──────── DATASET EXCERPTS ────────

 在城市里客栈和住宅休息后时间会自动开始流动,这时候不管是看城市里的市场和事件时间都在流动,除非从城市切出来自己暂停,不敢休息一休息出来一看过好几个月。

────────
──────── DATASET EXCERPTS ────────

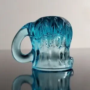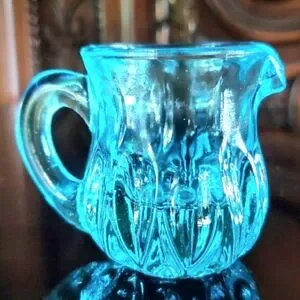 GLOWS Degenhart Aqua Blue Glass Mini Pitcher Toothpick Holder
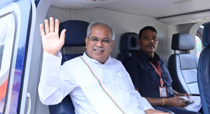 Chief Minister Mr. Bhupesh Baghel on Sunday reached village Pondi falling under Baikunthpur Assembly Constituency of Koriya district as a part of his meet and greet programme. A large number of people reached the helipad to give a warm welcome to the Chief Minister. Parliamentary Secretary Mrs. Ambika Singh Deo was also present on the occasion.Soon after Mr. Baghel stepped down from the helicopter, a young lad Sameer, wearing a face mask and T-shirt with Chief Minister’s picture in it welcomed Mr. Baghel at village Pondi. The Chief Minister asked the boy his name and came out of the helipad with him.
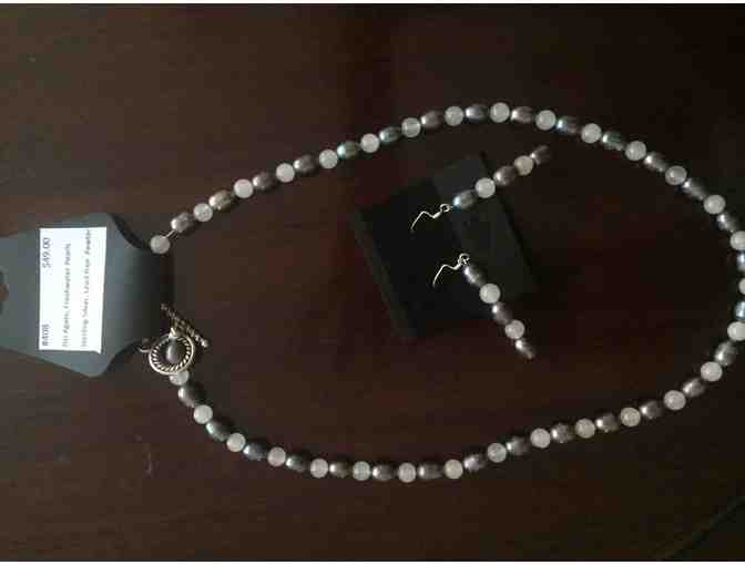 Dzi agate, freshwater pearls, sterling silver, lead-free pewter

────────

_REQUIRED WORK_
Given the records above, return the lines starting at the one that holds "GLOWS Degenhart Aqua" and ending at the one that holds "Dzi agate, freshwater", exactly, and nothing besides; leave every picture out.

_FINAL ANSWER_
 GLOWS Degenhart Aqua Blue Glass Mini Pitcher Toothpick Holder
 Chief Minister Mr. Bhupesh Baghel on Sunday reached village Pondi falling under Baikunthpur Assembly Constituency of Koriya district as a part of his meet and greet programme. A large number of people reached the helipad to give a warm welcome to the Chief Minister. Parliamentary Secretary Mrs. Ambika Singh Deo was also present on the occasion.Soon after Mr. Baghel stepped down from the helicopter, a young lad Sameer, wearing a face mask and T-shirt with Chief Minister’s picture in it welcomed Mr. Baghel at village Pondi. The Chief Minister asked the boy his name and came out of the helipad with him.
 Dzi agate, freshwater pearls, sterling silver, lead-free pewter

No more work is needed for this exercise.